Figure 2 illustrates stimulus design. Each stimulus had a 1600 ms context segment, followed by a 50 ms silent interval and a 250 ms speech categorization target drawn from a six-step series of speech syllables varying perceptually from /bεt/ to /b∧t/ (bet to but). The /bV/ segment was created by varying the second formant (F2) frequency of the main vowel portion in equal steps from 1300 Hz/b∧/ to 1700 Hz/bε/ using Klattworks (McMurray, in preparation). The onset F2 frequency was 1100 Hz and gradually changed to the target frequency across 50 ms. Similarly, the first formant was 150 Hz and linearly transitioned to 600 Hz over 50 ms. The fundamental frequency and the third formant frequency were held constant at 120 and 2600 Hz, respectively. The /t/ segment was taken from a natural utterance of “whit” recorded from a male native-English talker and appended to each speech target.
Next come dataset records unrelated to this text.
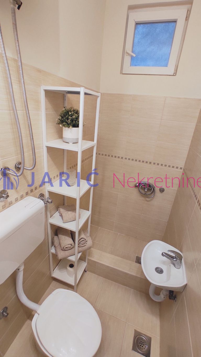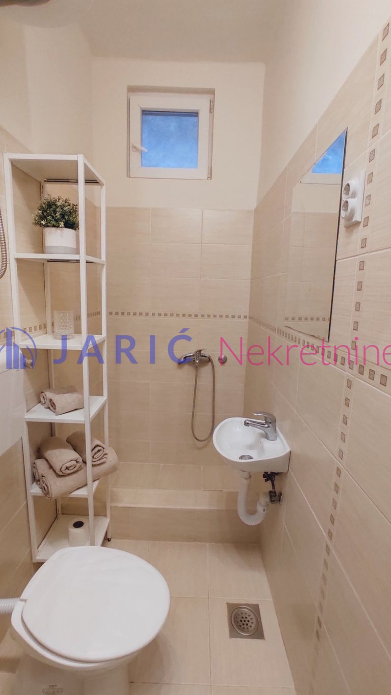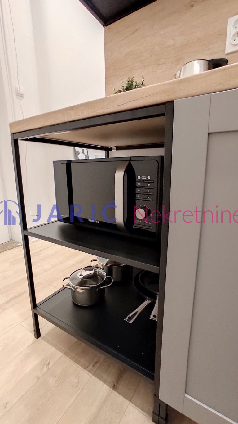 – Namešten: klima, veš mašina, kuhinjski elementi, frižider, mikrotalasna rerna, šporet, ležaj, plakar.
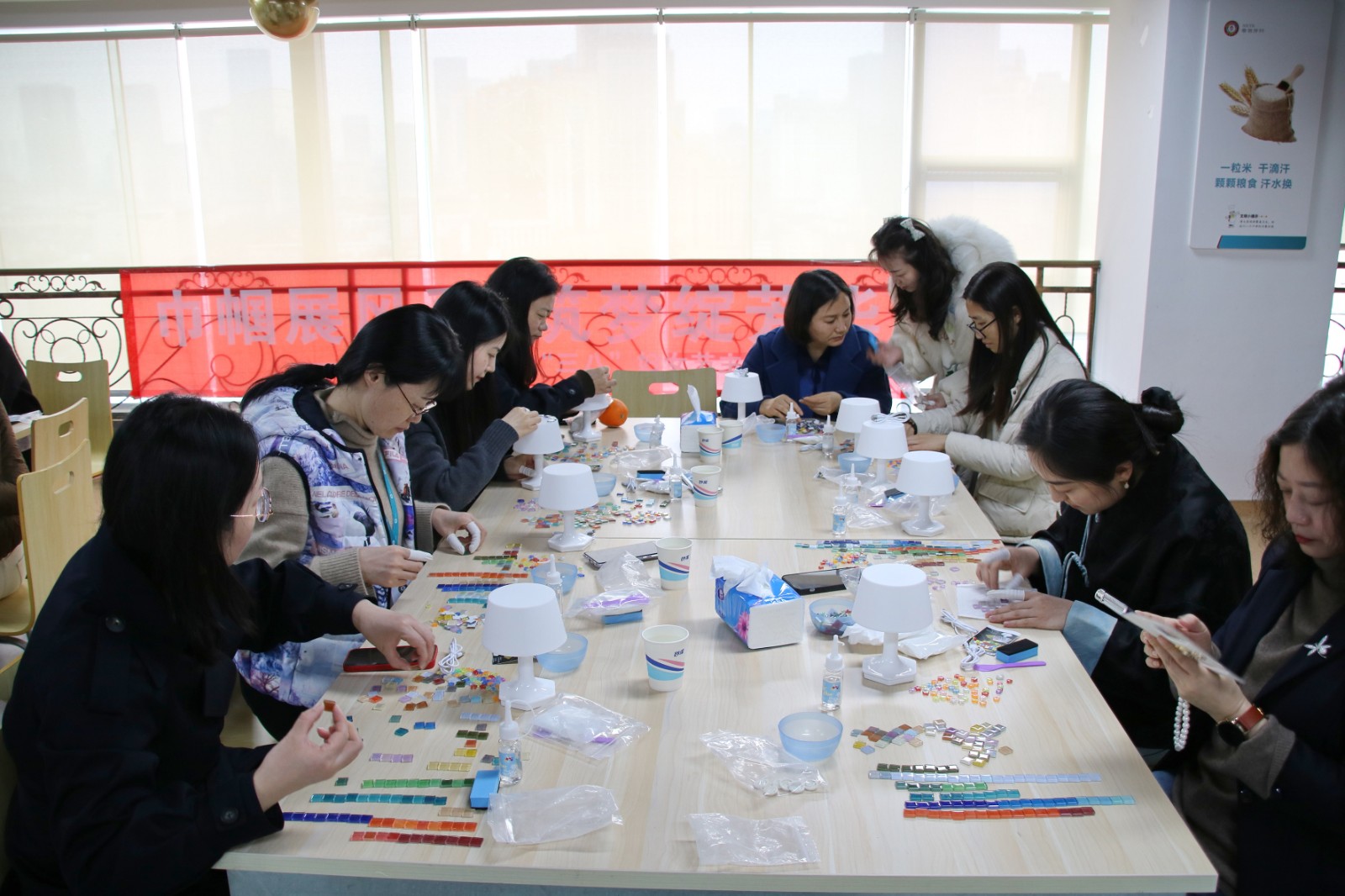 活動中,女職工們首先了解了馬賽克藝術的起源、發(fā)展和應用,隨后沉浸在手工創(chuàng)作的樂趣中,充分發(fā)揮想象和創(chuàng)意,將不同顏色、不用形狀的玻璃片拼合組成繽紛多彩的圖案,制作出屬于自己的獨一無二的馬賽克燈。
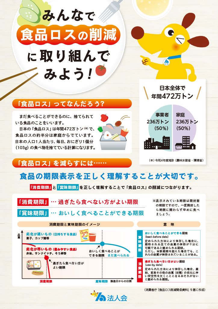 法人会版3010運動として、法人会 女性部会「一期一会(15・10)のすすめ」に取り組んでおります。その推進策として『食品ロス』削減の啓発のための三角柱POPを作成しました。
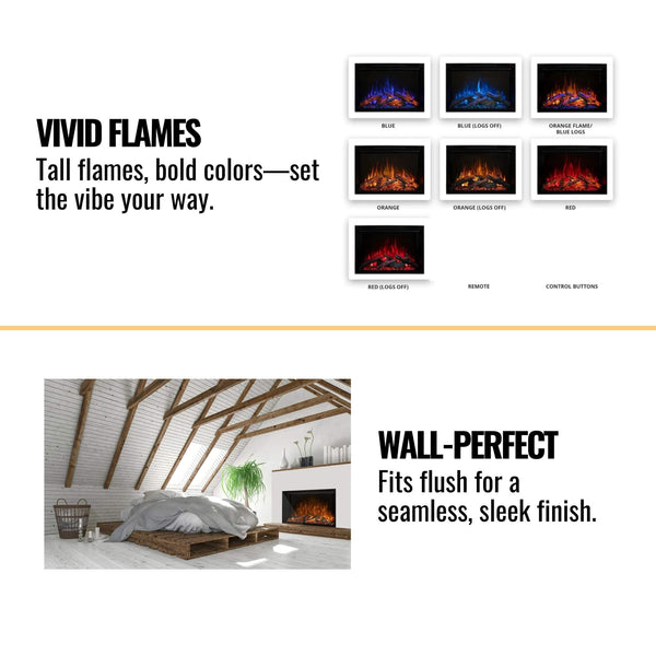 - Effortlessly integrate this electric fireplace into your existing wall with minimal depth requirements, creating a seamless, modern look.
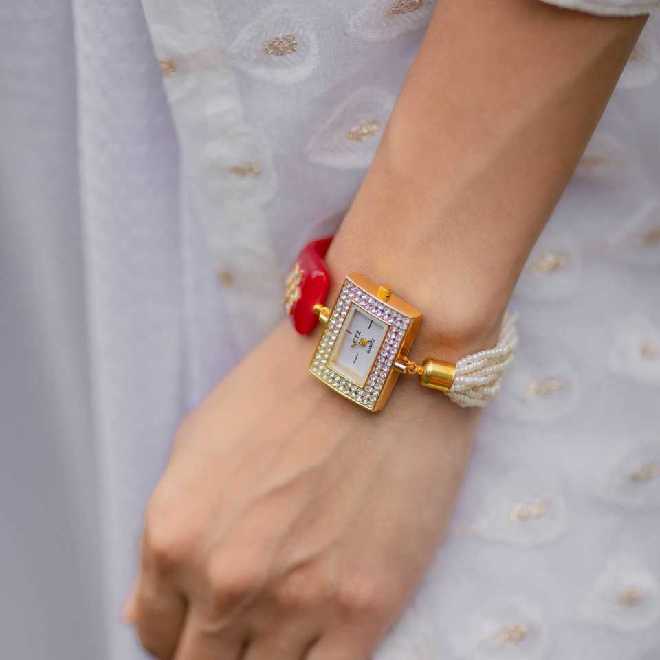 ตกแต่งสร้อยข้อมือแบบดั้งเดิมนาฬิกาหินสีแดง kundan ลูกปัดและมุกพู่สำหรับผู้หญิงชาติพันธุ์เทศกาล rakhi และของขวัญเครื่องประดับ
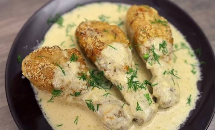 Знімаємо з вогню та заливаємо курячі ніжки.
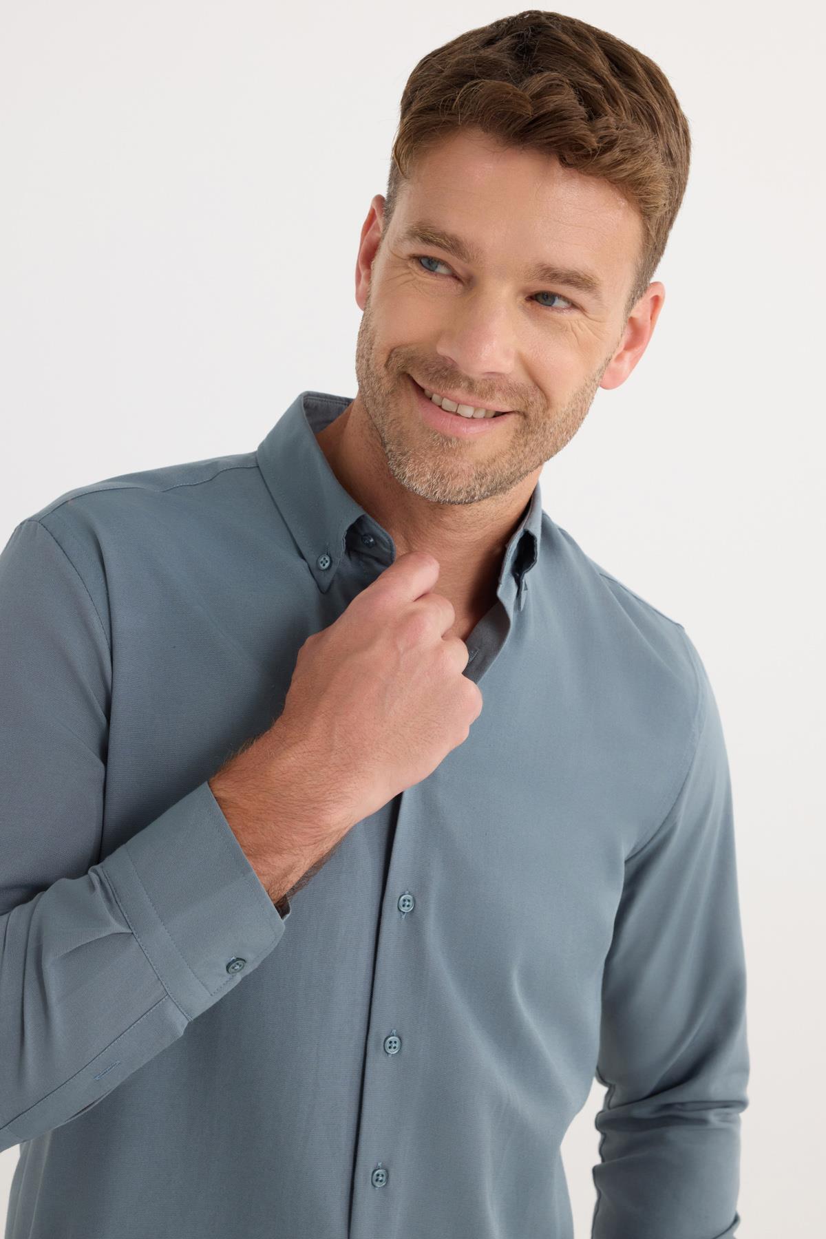 Regular Fit Düğmeli Yaka Pamuklu Kolay Ütü Oxford Düz Erkek Gri Gömlek Regular Fit Düğmeli Yaka Pamuklu Kolay Ütü Oxford Düz Erkek Gri Gömlek RG250001 2XL
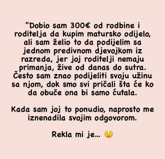 “Dobio sam 300€ od rodbine i roditelja da kupim matursko odijelo, ali sam želio to da podijelim sa jednom predivnom djevojkom iz razreda, jer joj roditelji nemaju primanja, žive od danas do sutra. Često sam znao podijeliti svoju užinu sa njom, dok smo svi pričali šta će ko da obuče ona bi samo ćutala.
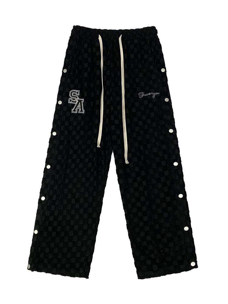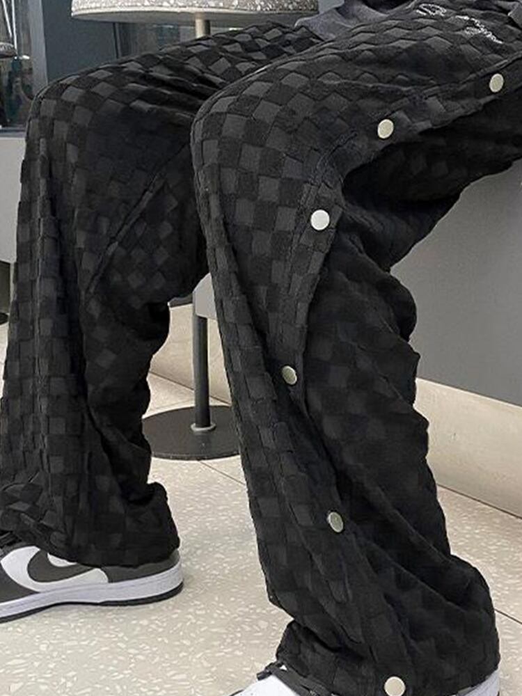 男性パンツボタンアップサイドワイド脚パンツ黒カーゴストレートズボンだぶだぶボトムスウエストヒップホップユニセックス服 ブラック ワイドレッグ ワイドパンツ got4362574625
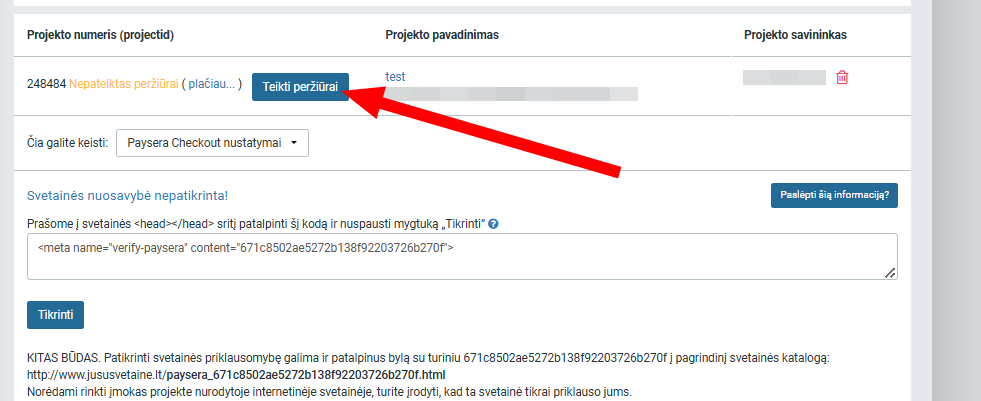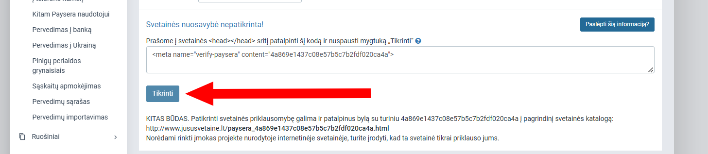 Po svetainės atnaujinimo vėl užeikite į Payseros paskyrą ir patvirtinkite svetainės nuosavybę:
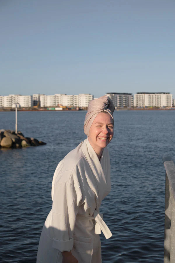 Brug dette håndklæde til håret eller som et ekstra langt håndklæde til dine hænder. Håndklædet har et bånd, som giver et smukt grafisk udtryk og en funktion. Båndet kan også bruges til at holde håndklædet fast rundt om hovedet.
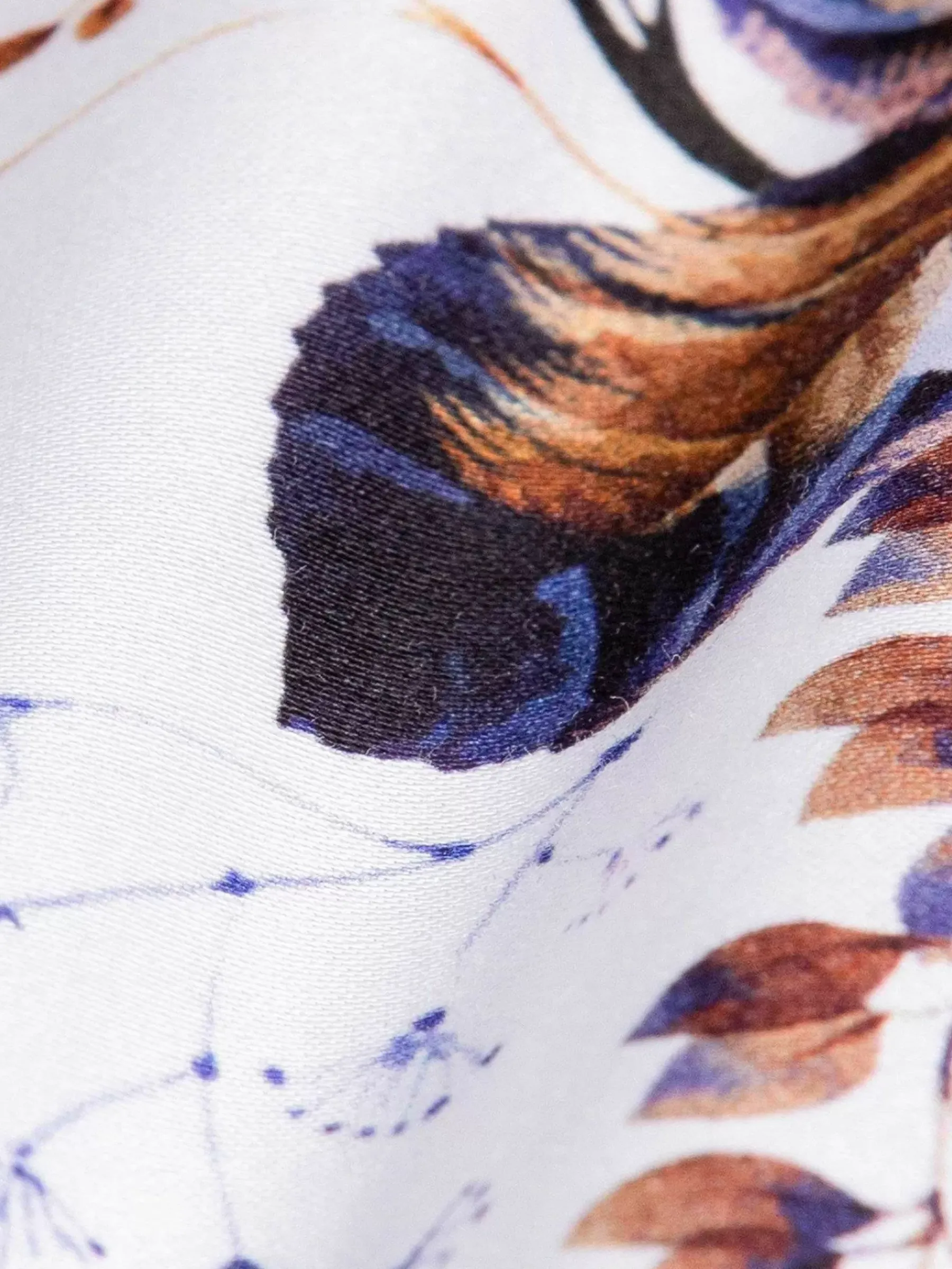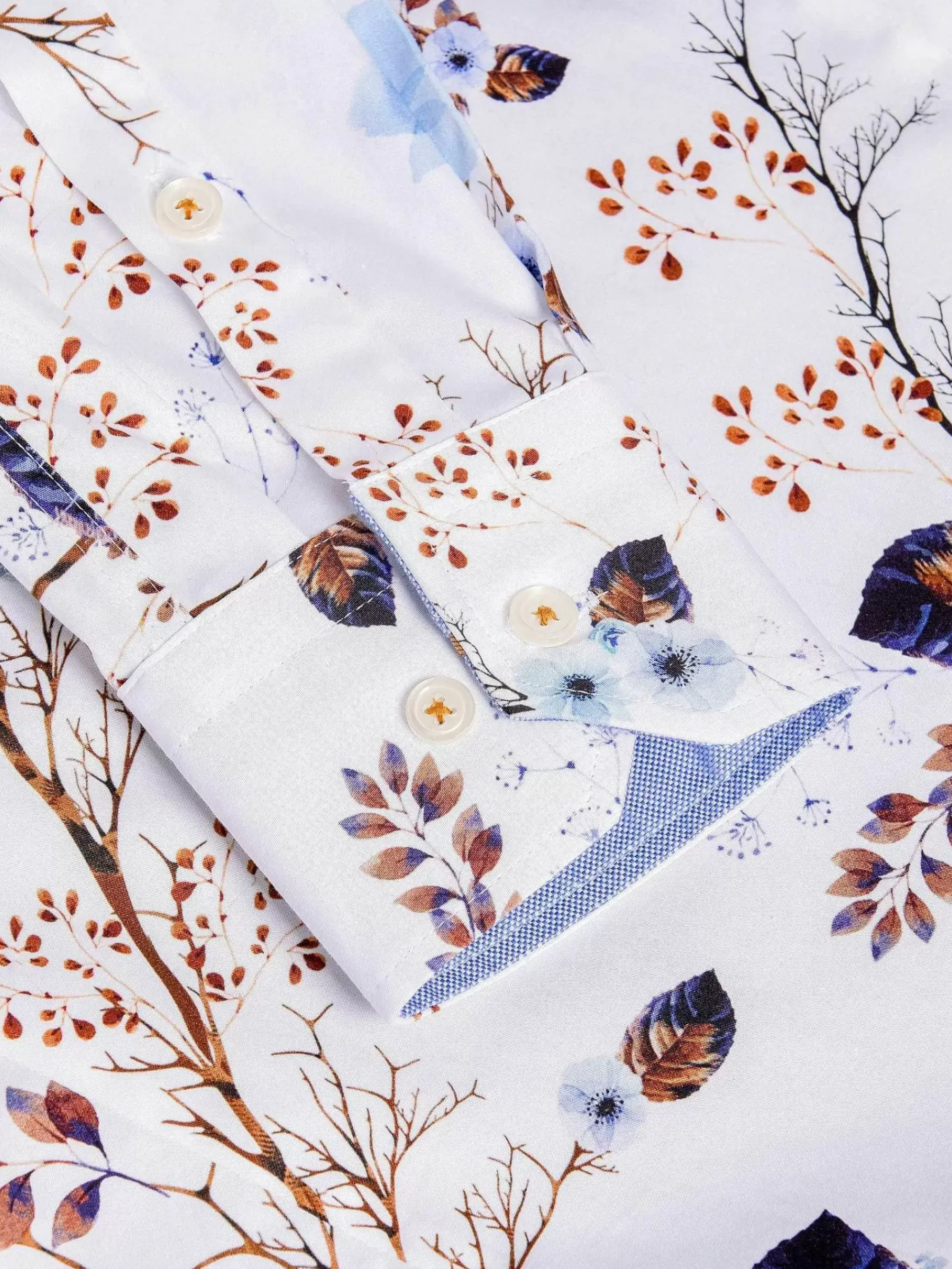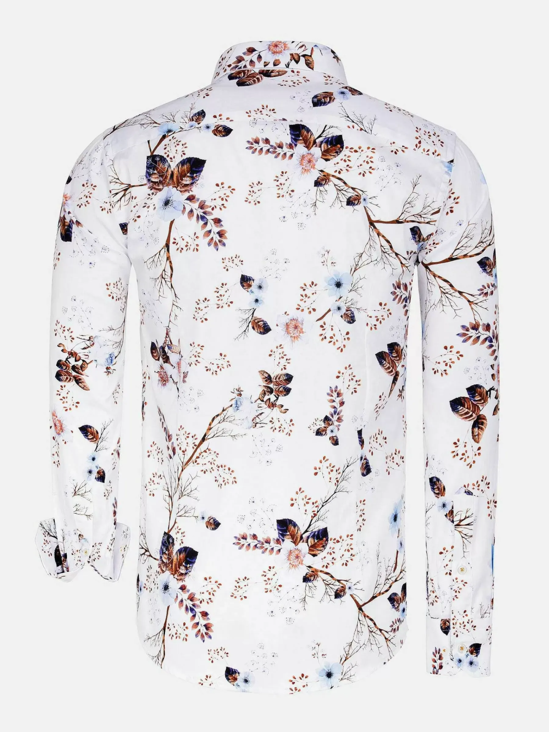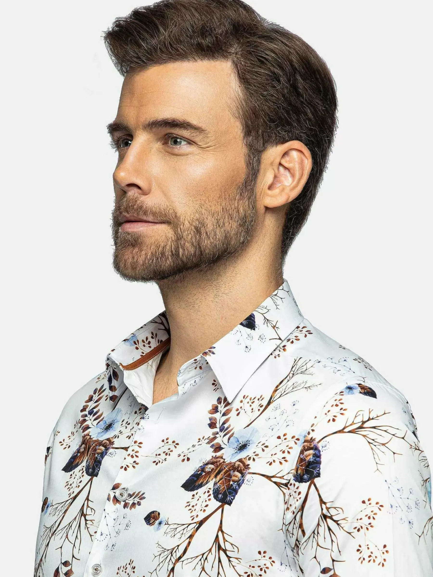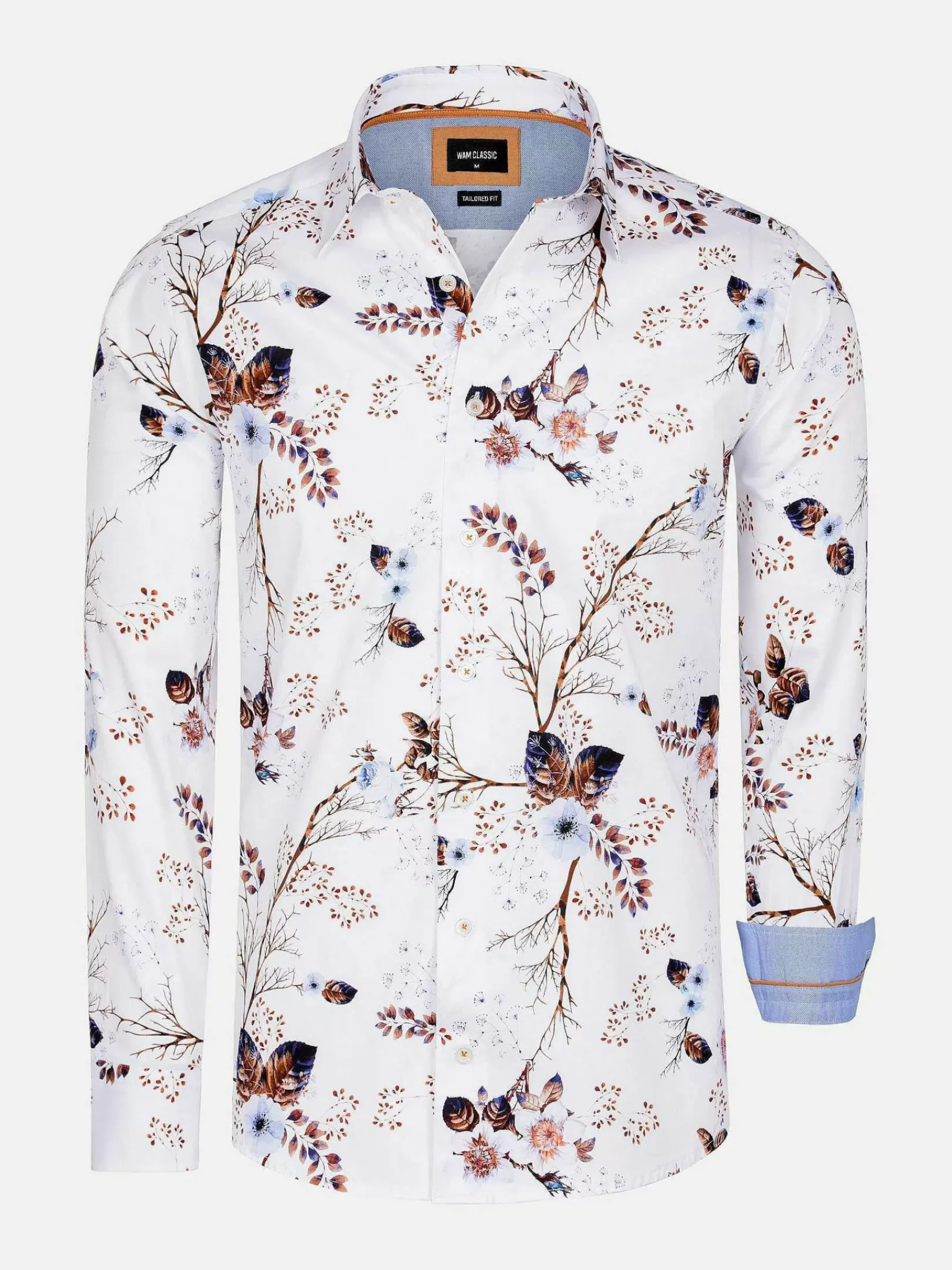 Wit Overhemd Met Een Mooie Decoratie Van Lichtbruin En Blauw. Een Overhemd Die In Het Oog Sprint En Elke Outfit Een Boost Geeft. Kan Zowel Op Een Pantalon Als Op Een Jeans Gedragen Worden.

Figure 2. Stimulus design and results of the experiment. (A) Schematic illustration of stimulus components; (B) spectrogram in time x frequency dimensions for the high mean speech context (top panel) and mean percentage of “but” responses in speech contexts (bottom panel); (C) spectrogram in time x frequency dimensions for a representative high mean tone context (top panel) and mean percentage of “but” responses in tone context (bottom panel). Preceded by both speech (B) and tone (C) contexts, higher-frequency contexts led to more low-frequency target responses (“but”), and vice versa.
Two types of context preceded these speech targets, one speech and the other a sequence of tones. The speech context was generated by extracting formant frequencies and bandwidths from a recording a male voice uttering the sentence “Please say what this word is…,” and using these values to synthetically reproduce the sentence in the parallel branch of the Klatt and Klatt (1990) synthesizer. Following the methods of Ladefoged and Broadbent with modern techniques, this 1600 ms base phrase was spectrally manipulated by adjusting formant center frequencies and bandwidths to create different “talkers.” To mimic a longer vocal tract, a voice with relatively lower frequencies in the region of F2 was created (across the phrase, F2 frequencies ranged from 390 to 1868 Hz with an average of 1300 Hz). A voice with a relatively shorter vocal tract was mimicked by increasing these base frequencies by 400 Hz. Thus, the mean acoustic energy in the range of F2 approximated the energy varying across the /b∧t/–/bεt/ speech target stimuli.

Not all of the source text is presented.